§ RECORDS FOR THIS EXERCISE:
----

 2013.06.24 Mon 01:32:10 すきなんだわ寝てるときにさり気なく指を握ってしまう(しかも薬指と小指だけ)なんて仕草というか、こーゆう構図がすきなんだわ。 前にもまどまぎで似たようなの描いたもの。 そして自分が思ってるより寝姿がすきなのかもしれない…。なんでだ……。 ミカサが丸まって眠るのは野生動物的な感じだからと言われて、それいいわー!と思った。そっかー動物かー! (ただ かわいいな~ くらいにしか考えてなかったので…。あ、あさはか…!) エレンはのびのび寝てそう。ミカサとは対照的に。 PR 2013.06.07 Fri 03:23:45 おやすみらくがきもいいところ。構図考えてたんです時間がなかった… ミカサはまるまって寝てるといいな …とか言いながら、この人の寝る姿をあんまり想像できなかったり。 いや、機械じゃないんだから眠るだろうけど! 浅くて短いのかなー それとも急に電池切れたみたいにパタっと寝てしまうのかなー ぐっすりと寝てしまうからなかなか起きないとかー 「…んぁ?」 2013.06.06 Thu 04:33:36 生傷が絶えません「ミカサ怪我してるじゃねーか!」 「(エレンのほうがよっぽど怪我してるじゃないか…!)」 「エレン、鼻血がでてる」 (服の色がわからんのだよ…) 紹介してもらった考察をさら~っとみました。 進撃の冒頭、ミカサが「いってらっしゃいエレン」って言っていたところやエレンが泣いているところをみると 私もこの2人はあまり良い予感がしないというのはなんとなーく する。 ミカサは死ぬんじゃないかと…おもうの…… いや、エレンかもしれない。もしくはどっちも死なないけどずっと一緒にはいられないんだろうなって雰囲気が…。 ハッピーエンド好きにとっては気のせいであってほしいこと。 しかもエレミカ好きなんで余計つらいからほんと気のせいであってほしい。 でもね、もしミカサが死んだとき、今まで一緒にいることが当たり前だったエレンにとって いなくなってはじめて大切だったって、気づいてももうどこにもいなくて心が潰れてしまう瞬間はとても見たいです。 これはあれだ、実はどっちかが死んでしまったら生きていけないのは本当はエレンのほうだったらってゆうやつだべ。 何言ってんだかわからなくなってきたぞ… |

----

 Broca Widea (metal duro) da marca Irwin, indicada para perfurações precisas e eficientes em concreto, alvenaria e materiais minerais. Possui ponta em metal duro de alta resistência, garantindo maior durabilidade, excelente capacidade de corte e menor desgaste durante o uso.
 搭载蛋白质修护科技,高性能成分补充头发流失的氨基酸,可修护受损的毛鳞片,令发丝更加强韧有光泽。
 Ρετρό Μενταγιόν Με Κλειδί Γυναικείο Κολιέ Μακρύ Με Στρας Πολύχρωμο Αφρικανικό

----

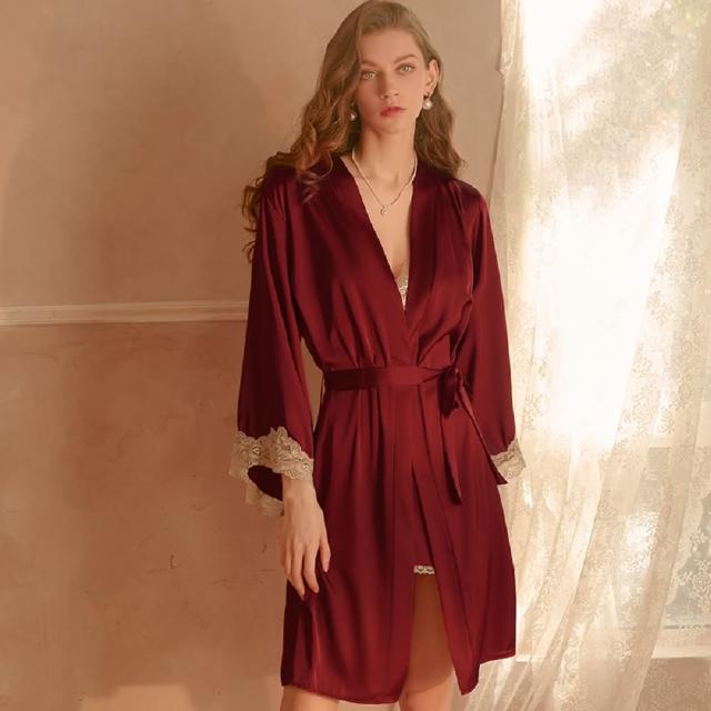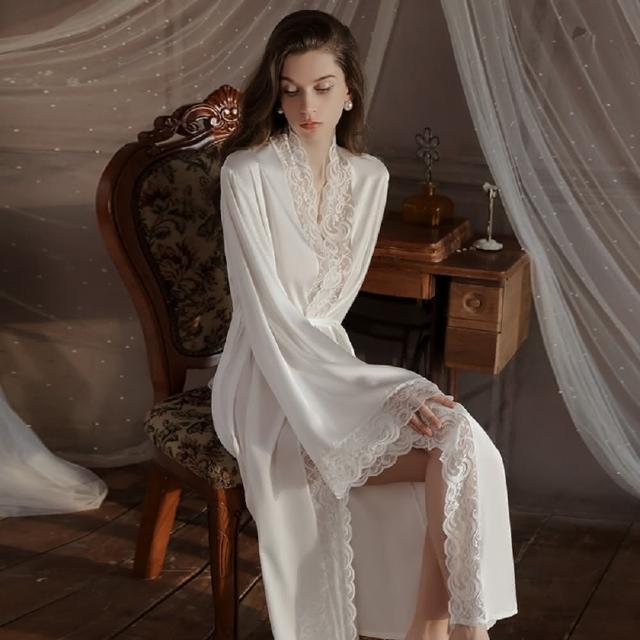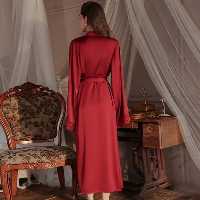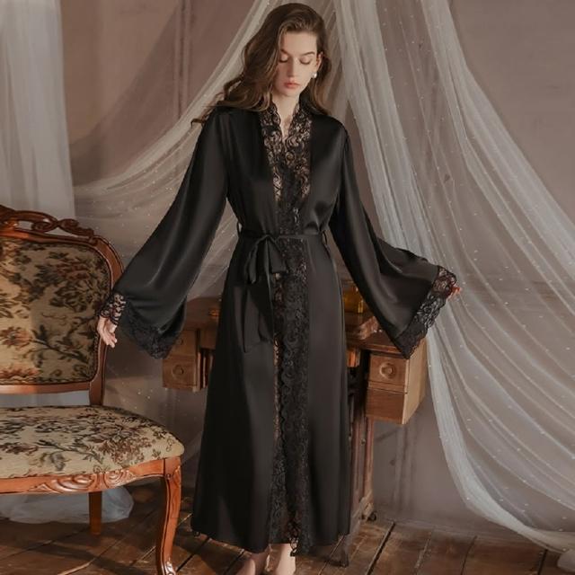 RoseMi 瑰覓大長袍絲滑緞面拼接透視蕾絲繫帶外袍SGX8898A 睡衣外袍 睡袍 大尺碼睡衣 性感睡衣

----

§ ASSIGNED TASK:
Extract from the listing above the lines between the line containing "Broca Widea (metal" and the line containing "Ρετρό Μενταγιόν Με", keeping both of those lines. Output nothing else.

§ SOLUTION TO THIS PROBLEM:
 Broca Widea (metal duro) da marca Irwin, indicada para perfurações precisas e eficientes em concreto, alvenaria e materiais minerais. Possui ponta em metal duro de alta resistência, garantindo maior durabilidade, excelente capacidade de corte e menor desgaste durante o uso.
 搭载蛋白质修护科技,高性能成分补充头发流失的氨基酸,可修护受损的毛鳞片,令发丝更加强韧有光泽。
 Ρετρό Μενταγιόν Με Κλειδί Γυναικείο Κολιέ Μακρύ Με Στρας Πολύχρωμο Αφρικανικό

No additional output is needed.